My clients set a fast pace as they strive to complete dozens of agreements and promises while handling everything that comes at them. As a consultant and executive coach, I focus on my clients’ professional lives but also care deeply about them as people.
I see yellow pad to-do lists too long to accomplish. Competing priorities pull them in different directions. In the crush they end up sidelining important but less urgent people and projects.
Overwhelm scatters their focus, “How can I ever get this done on time?” Doubt derails their dedication. “This will never work.” Or, they kick into gear, spending long hours to get it done, handling the details and managing the people to achieve the big goals—but come up against high personal costs from missing out on other important commitments like family, friends, creativity, or vital health.
This problem is common and serious and leads to burnout.
One part of the solution is to consciously use core commitments to organize the endless lists of to-dos.
Core commitments aren’t obligations, possibilities, or even preferences. Straightforward and significant, they are promises.
Personally, I don’t make them lightly. Breaking a core commitment is breaking a covenant with myself, and the world. They help me know when to say yes or no, with less ambivalence and more care. A new momentum overcomes old obstacles; my voice clearly conveys what matters to me.
I’ve been surprised at how commitments work. Once committed, my clients put determined steps behind making them happen, even if they have no idea how. (What new parent has any real idea how they will raise a child? What start-up entrepreneur knows exactly how the business will grow?)
One of my clients turned her performance from mediocre to magnificent by crafting a powerful commitment to extraordinary client service. Once she did, she began to thrive as her performance and that of her organization stepped up to a whole new level.
As her commitment to extraordinary client service superseded her fears, worries, and outmoded identities, she acted like a different person. How did she get there?
First, we worked together to reveal what mattered most to her, her core commitment. Through our work she discovered her core commitment once she let go of an old “not enough” story and brought closure to outdated agreements.

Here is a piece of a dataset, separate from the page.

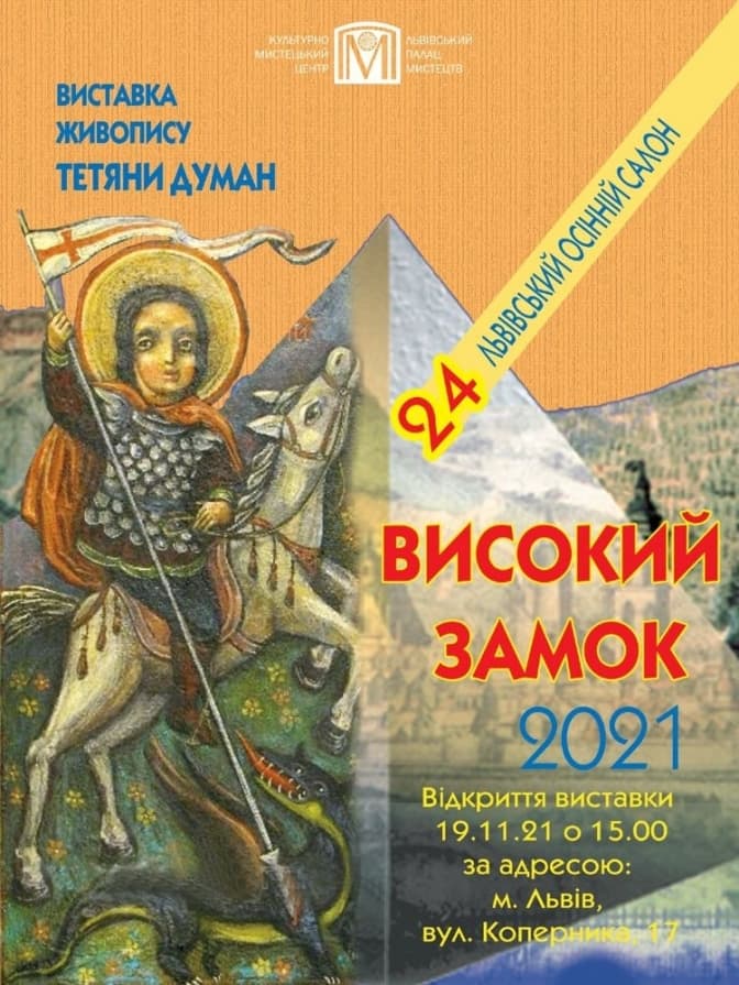 Сьогодні, 19 листопада, у Палаці мистецтв відкриють персональну виставку живопису української художниці, мистецтвознавиці, волонтерки, активістки Помаранчевої революції та Революції гідності Тетяни Думан.

As we crafted a simple resonant phrase that captured what she really wanted, her passion ignited. Her commitment now felt consequential and elegant. She stood in a personal integrity that attracted and instigated new possibilities.
Motivated to change, she then designed a personal plan. Saying her commitment out loud night and morning made it real. Driving in her car she practiced, asserted, shouted, and even sang it. She conducted personal weekly commitment reviews and learned from when she acted in line with her commitments and when she got derailed or distracted.

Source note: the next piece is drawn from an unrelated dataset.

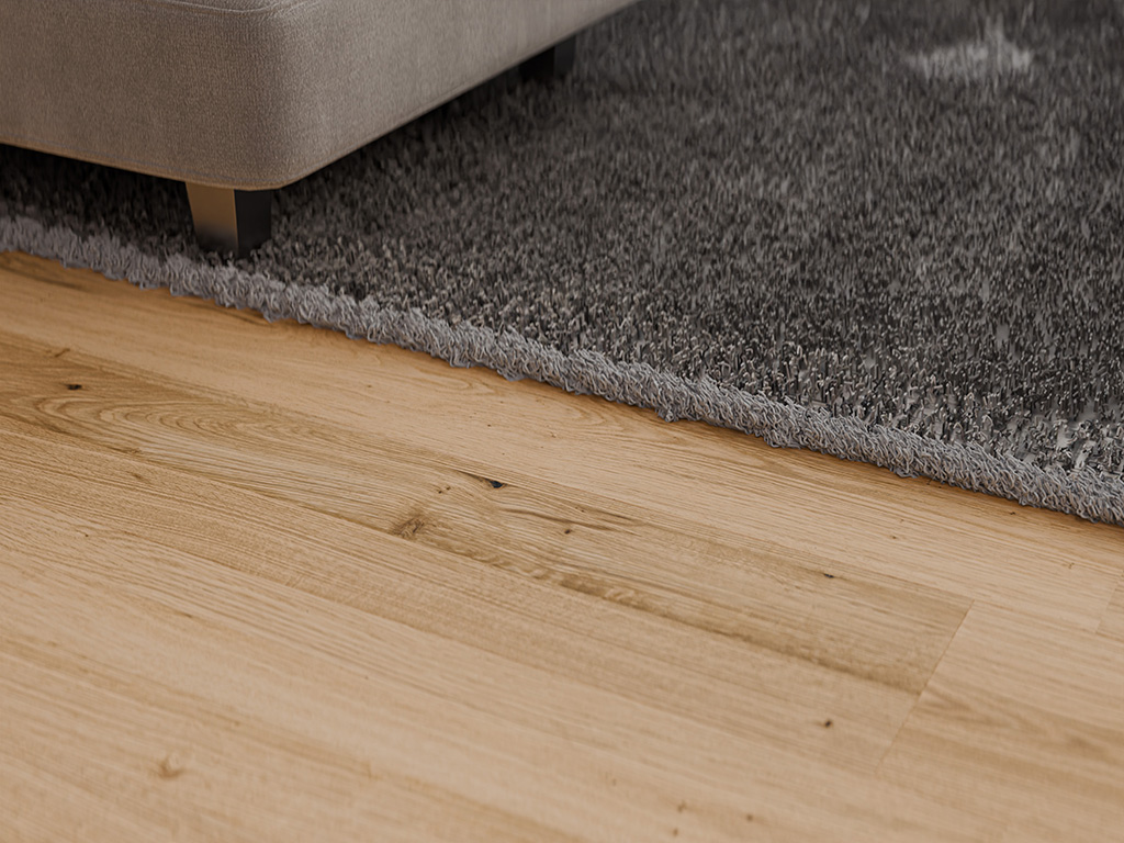 Les sols huilés sont immédiatement praticables après la pose. Pour les sols en bois traités à l’huile, il convient toutefois d’effectuer un traitement initial après la pose. Utilisez impérativement une huile d’entretien assortie à la teinte. L’huile confère au sol huilé une surface optimisée, anti-salissures, qui conserve sa beauté encore plus longtemps. Cette opération doit être renouvelée régulièrement selon les besoins. À chaque huilage, les couleurs du sol gagnent en intensité.

Next, by including her team in conversations about her commitment and why it mattered, they created a shared vision of the future that inspired them to work together in new ways. She discovered that when a commitment is shared, she didn’t need coercion. Getting work done took less effort.

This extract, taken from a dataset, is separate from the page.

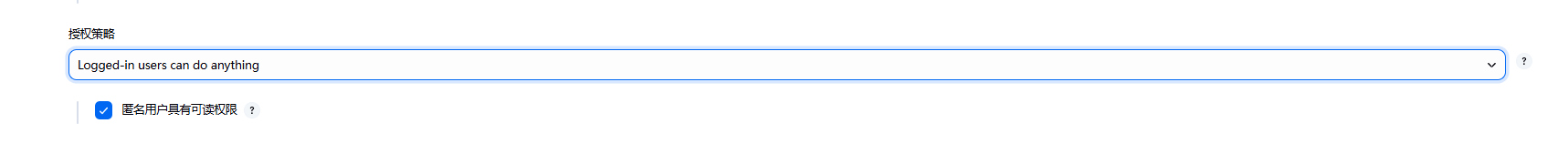 授权策略默认是登录用户可以做任何事情;后面有说到基于RBAC的授权策略,这里先不介绍。具体的可以参考,Jenkins 插件章节的Role-Based Strategy插件介绍4、

In concert with her commitment, she communicated her thoughts in an organized manner, with composure and ease. She came up with new ways to improve customer service and shaped clear and convincing presentations to get buy-in to her innovative ideas.
Within a short period of time, she was recognized, given a new project and more support. Standing in her core commitments, she felt that she stood on stable ground instead of quicksand. This internal coherence organized her priorities, opened up her willingness to stretch, to risk taking on new responsibilities.
As she discovered, core commitments give us valuable direction. Like a compass, they help us navigate, telling us where we are, how to get where we want to go, and where we don’t want to go.
We might think that making and living from core commitments takes more time and effort than how we live our life now, that it becomes a burden of obligations. My experience and that of my clients are the opposite. It takes lots more effort to live an unfocused life, without specific aim or direction. Like Sisyphus endlessly pushing the heavy rock up the hill with no end in sight, we lose energy and heart.
Orienting around core commitments helps us plan the route and pick the high leverage priorities from the massive to do list. They fortify our confidence as they narrow the focus, providing more energy, resilience, and structure for increasing both effectiveness and wisdom. Now we know our way and it gives us meaning and purpose.
Without core commitments, we might accomplish a lot of tasks but still feel empty. We can appear competent to others but battle confusion inside. We achieve big goals but lose connection with our souls.
Commitments, on the other hand, attract and strengthen the remarkable forces of our hearts. Confusion drops away. The road seems and is easier. Centering our lives around core commitments, we delight in living from a wholehearted YES.
Additional Resources
Peter Block’s book, The Answer to How is Yes: Acting on What Matters, shows that we don’t necessarily have to know how when seated in our hearts is a mighty desire to bring these core commitments to fruition. When we experience a powerful YES, we act on what matters.